Your question made me dig into the JLS and here is what I found -
1. Section 7.4.2 says, "A compilation unit that has no package declaration is part of an unnamed package."
So clearly, the statement "Not every class belongs to a package" in Qid 2.1449 (T2 Q47) is incorrect because JLS calls unnamed package a package. Must be fixed.
2. Further, section 7.3 and 7.5 say (respectively):
Every compilation unit implicitly imports every public type name declared in the predefined package java.lang , as if the declaration import java.lang.*; appeared at the beginning of each compilation unit immediately after any package statement. As a result, the names of all those types are available as simple names in every compilation unit.
and
Without the use of an appropriate import declaration, the only way to refer to a type declared in another package, or a static member of another type, is to use a fully qualified name
These two statements imply that classes of the same package are accessible to each other without any import statements.
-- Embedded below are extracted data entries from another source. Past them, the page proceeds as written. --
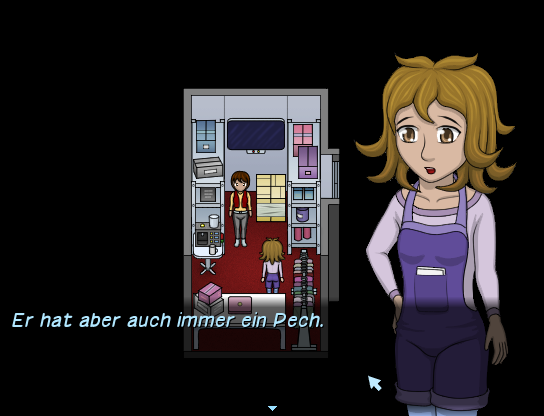 Die Steuerung entspricht makerüblichen Standards. Daneben gibt es die Möglichkeit über die Taste “A” Gegenstände aus dem Inventar miteinander zu kombinieren. Seit dieser Version gibt es auch die Möglichkeit sich mittels der Hilfetaste “Q” wichtige Objekte auf der Karte anzeigen zu lassen. Ebenfalls neu ist die Maussteuerung. Bewegungen und Interaktionen werden über die linke Maustaste gesteuert; die rechte Maustaste ruft das Menü auf und die mittlere Maustaste entspricht der Taste “A”. Objekte mit denen interagiert werden kann, sollten sich (in den meisten Fällen) durch einen Farbwechsel des Mauszeigers bemerkbar machen. Wer sich an der - stellenweise noch etwas experimentellen - Maussteuerung stören sollte, kann allerdings genauso gut darauf verzichten.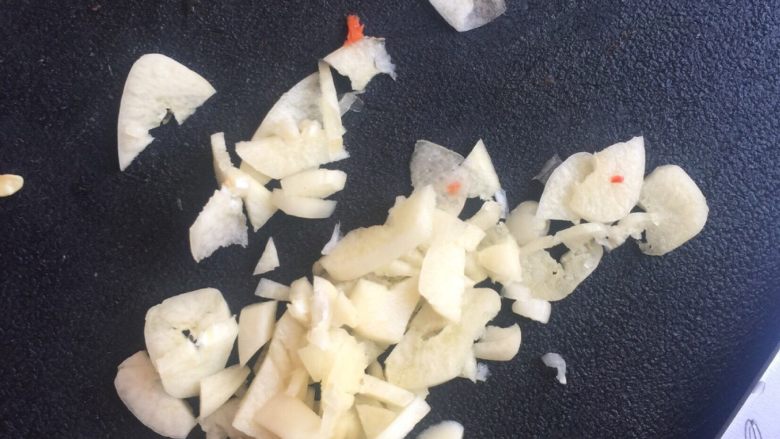 8. 用植物油小火煸香蒜头,关火。加入味级鲜、味精、芝麻油拌匀。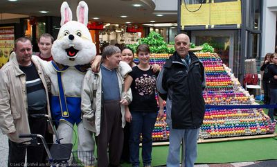 Die Leos verkaufen in der Karwoche wieder 12.000 Ostereier im Rhein Center. – Wenn das kein Grund für einen Abstecher nach Weil am Rhein ist! So dachten Dieter, Uwe & Co. aus dem Markus-Pflüger-Heim in Wiechs. Zusammen mit zwei Betreuerinnen besuchten sie ihre jungen Freunde am dritten von vier Verkaufstagen. Mehr als drei Viertel der größten Anhäufung von Ostereiern weit und breit waren zum Zeitpunkt ihres Besuchs bereits verkauft, aber die Pyramide präsentierte sich ihnen noch immer recht farbenfroh.

So the statement in Qid 2.894 (T2 q69) is correct because all classes of the noname package can indeed access each other. The explanation in the question also states, "However, note that this default package cannot be imported in classes that belong to any other package at all, not even with any sort of import statement.", which is also correct.
In summary, I think the explanations to use the term "unnamed" package instead of "default" package because that is the terminology used by JLS. In other words, class that don't have a package statement belong to the "unnamed"
package.
HTH,
Paul.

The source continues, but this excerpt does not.